- Apache County, Arizona United States

Information
- Type: Boarding School
- Website: www.hpbs-az.org

= Hunters Point Boarding School =

Tribal school in Apache County, Arizona

Hunters Point Boarding School, Inc. (HPBS, Tse’Na’shchiiO’lta’) is a boarding elementary school, operated by the Navajo tribe, in unincorporated Apache County, Arizona, with a St Michaels address. It is operated in partnership with the Bureau of Indian Education (BIE). A school board manages the school, which is funded with money from the federal government.

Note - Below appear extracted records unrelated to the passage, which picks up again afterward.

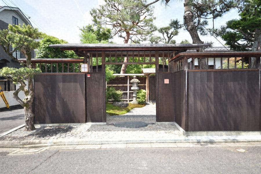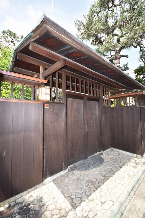 敷地南東隅に位置する間口三間の腕木門。中央間を板戸とし、両脇間を板壁とする。欄間に疎らな竪格子を入れ、両端柱の腕木で桁を支え、銅板葺の屋根を載せる。床は石敷きで、中央に巨石を据える。端正な意匠でまとめ、昭和初期の住宅の表構えを整える。
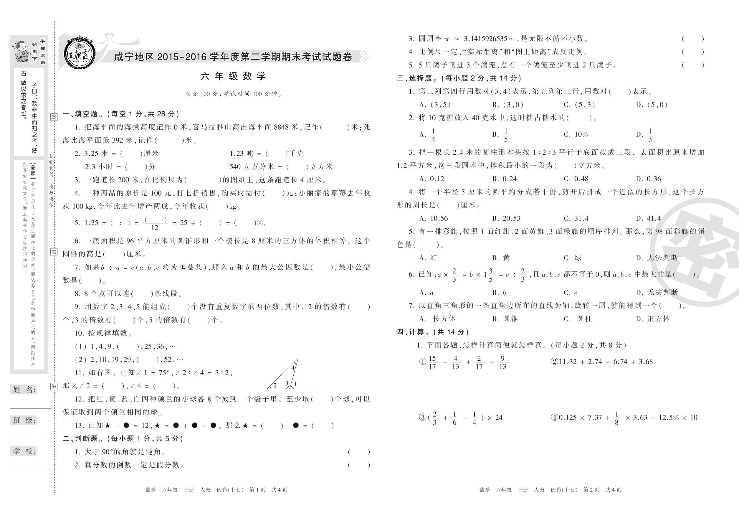2015-2016学年第二学期咸宁市咸宁地区六年级数学试卷(人教版)【17】
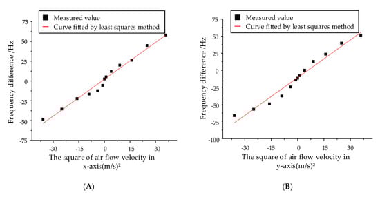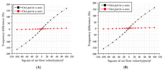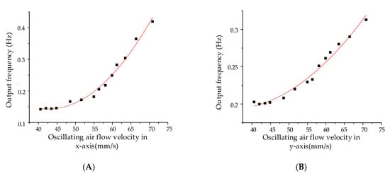 Relationship between output frequency and air flow velocity. (A) Output frequency difference in x-axis. (B) Output frequency difference in y-axis.
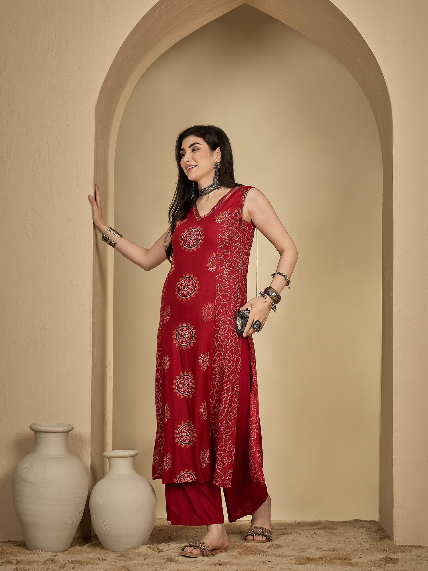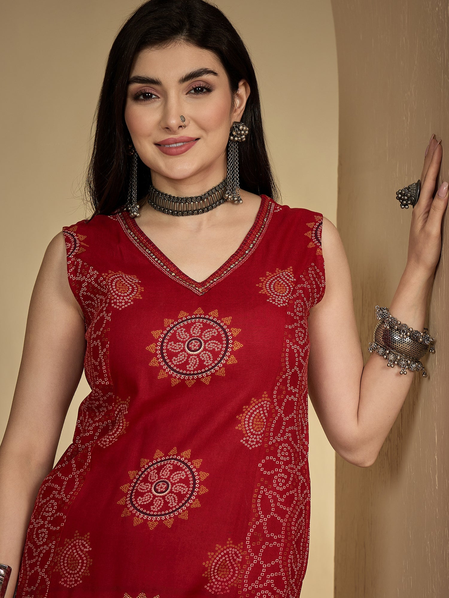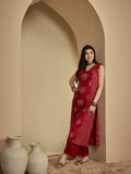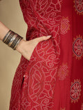 Red Rayon Calf Length Printed Sleeveless V-Neck A-Line Kurta Suit Set is crafted for those who love timeless fashion with everyday ease. The outfit drapes naturally, offering both movement and style. Suitable for work hours or simple day outings, it promises a refreshing and sophisticated touch.

It serves kindergarten through grade five. It includes a dormitory which houses students on weekdays; students visit their houses on weekends. In 2021 the administration of the school stated that its financial situation is tight which means the school has to be careful about how it spends its money. According to Alden Woods of the Arizona Republic, "Hunters Point Boarding School represents the challenges and opportunities facing BIE schools across the country."

==History==
Since March 2020, in the COVID-19 pandemic in Arizona, the school operated fully virtually.

==Academic performance==
In 2021 the BIE ranked HPBS on a list of schools that are not adequately performing.

==Campus==
Its current buildings opened in the 1960s. Felicia Fonseca of the Associated Press described the facility as "small" and "aging".

The campus has housing for its teachers. Genevieve Jackson, the president of the HPBS school board, described the buildings as being in poor condition.

==Student body==
Jackson stated that the students often are from low income and/or single parent households.